The Methane Border Adjustment Mechanism Act would create a new tax regime inside the Internal Revenue Code to impose a border-adjusted methane tax on imported petroleum and natural gas. The basic idea is to charge importers a methane emissions-based tax (the “methane emissions charge”) that reflects how much methane is emitted by the country where the fuel was produced, relative to the fuel’s share of production. The tax is calculated using a country-by-country formula tied to what the United States would charge under the Clean Air Act for facilities in those countries. There is also an optional alternative tax method based on the supply chain’s methane emissions, available if certain reporting and trade program conditions are met. The bill would require international cooperation, create an international body to track and standardize methane emissions data, and encourage cooperation with other top oil and gas importers to harmonize or participate in similar border measures. The measure would take effect for sales and uses after December 31, 2025. In essence, the bill would make imported fossil fuels more expensive to reflect methane emissions embedded in their production, aiming to reduce overall methane releases, spur cleaner production practices, and align US policy with international efforts to curb methane pollution.

Key Points

  • 1Tax on methane adjustment substances: The importer pays a tax on each petroleum or natural gas product (the “methane adjustment substance”) sold or used, with the tax designed to reflect the product’s share of methane emissions from its country of production.
  • 2Calculation of the tax: The tax amount is proportional to the substance’s volume (or energy content for natural gas) relative to the country’s total production, using a “total methane emissions charge” that mirrors the charges that would be imposed under the Clean Air Act if the facilities in that country were in the United States.
  • 3Targeted substances and potential expansion: The baseline substances are petroleum and natural gas. The Secretary must periodically study and report whether additional substances with notable embodied methane emissions should be added, after consulting with USITC and ITA, and with an analysis of the economic and environmental costs if expansion occurs or does not occur.
  • 4Alternative tax based on supply chain emissions: An importer can opt for an alternative tax method that accounts only for the importer’s share of charges along the fuel’s supply chain, provided the importer supplies required information and the country has mutual recognition arrangements with C-TPAT.
  • 5International cooperation and data standards: The bill calls for cooperation with major oil and gas trading partners, including facilitating the creation of an international body to collect data, establish interoperable standards, and track emissions across supply chains (updated at least every two years).
  • 6Implementation and timing: The amendments would apply to sales and uses after December 31, 2025.

Impact Areas

Primary group/area affected: Importers of petroleum and natural gas, and domestic consumers who could face higher fuel costs reflected in the price of imported fuels. Domestic oil and gas producers may face shifts in competitive dynamics depending on methane intensity of foreign production.Secondary group/area affected: Foreign producers exporting oil and gas to the United States, international trading partners, and countries that would be subject to the methane emissions charge.
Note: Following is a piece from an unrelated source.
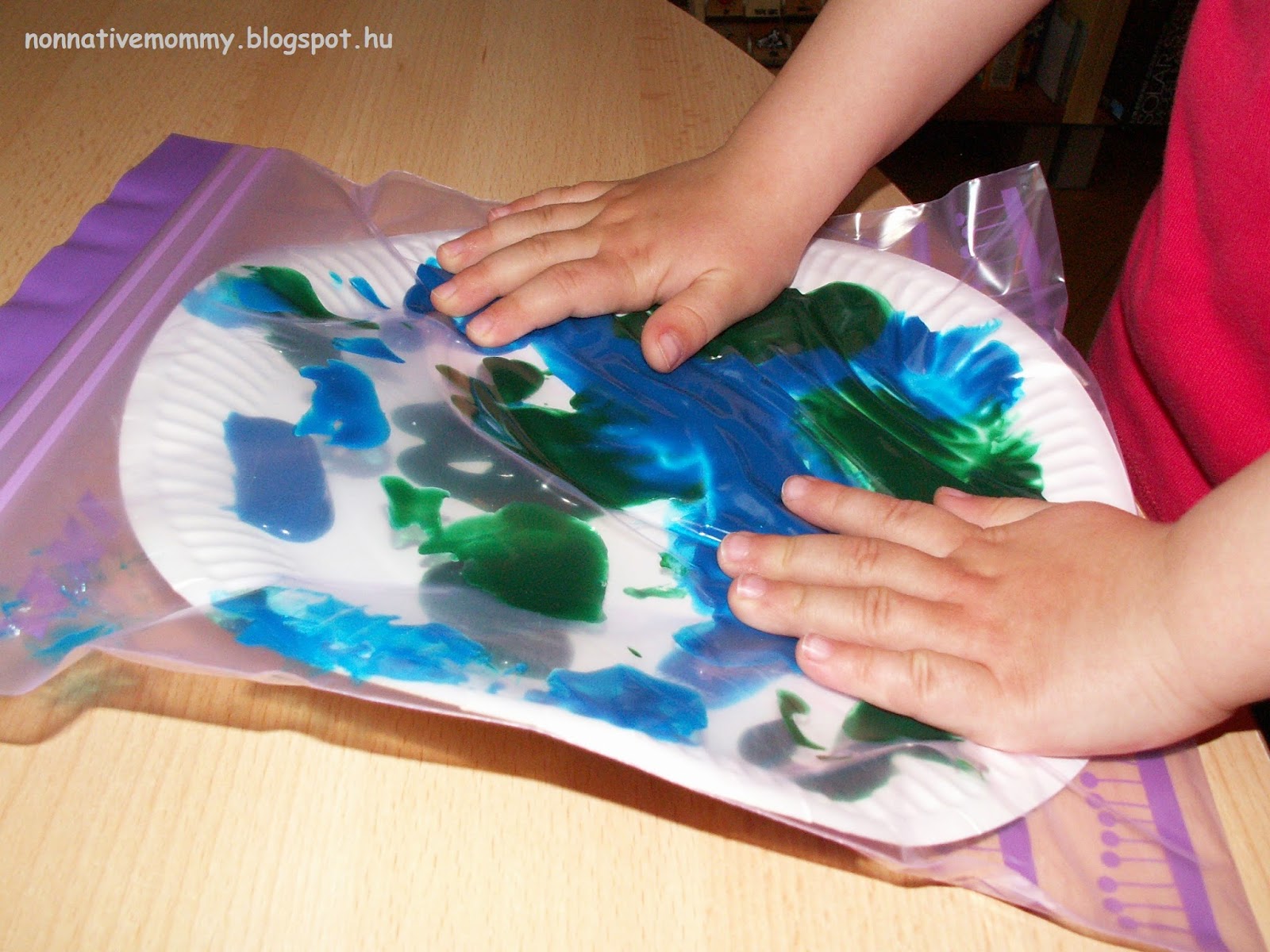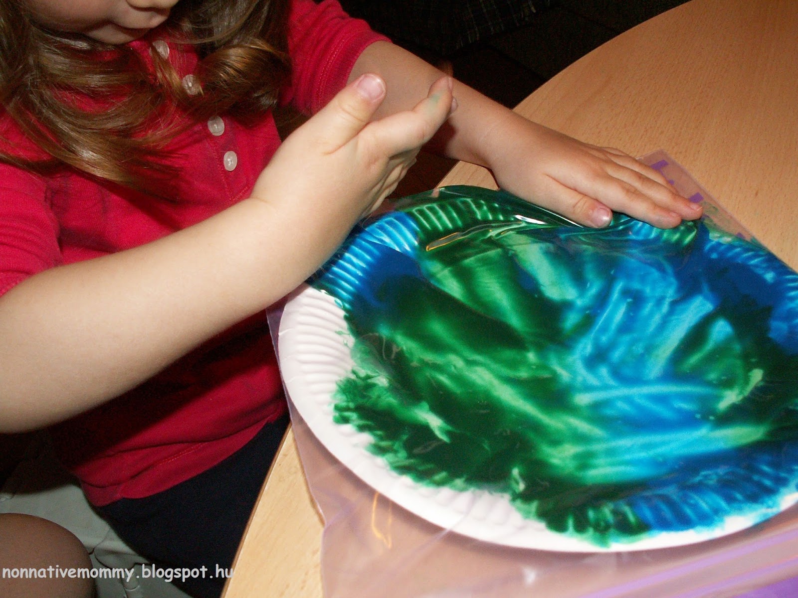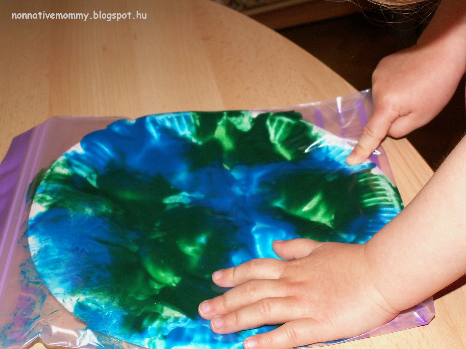 Before the recycling activity we had done some Earth related crafts like this mess-free zip-lock bag painting. Even very small kids can enjoy pressing the paint into all directions.

U.S. government revenue could be affected, and regulatory agencies would gain new reporting and administration responsibilities.Additional impacts: Environmental and public health goals via reduced methane emissions; potential administrative and compliance costs for importers (and for the government’s administration of the tax and data collection). Possible trade-law considerations and international negotiations as other countries consider similar border measures. Employment and economic effects in sectors tied to methane-intensive production may shift depending on competitiveness and demand for cleaner energy sources.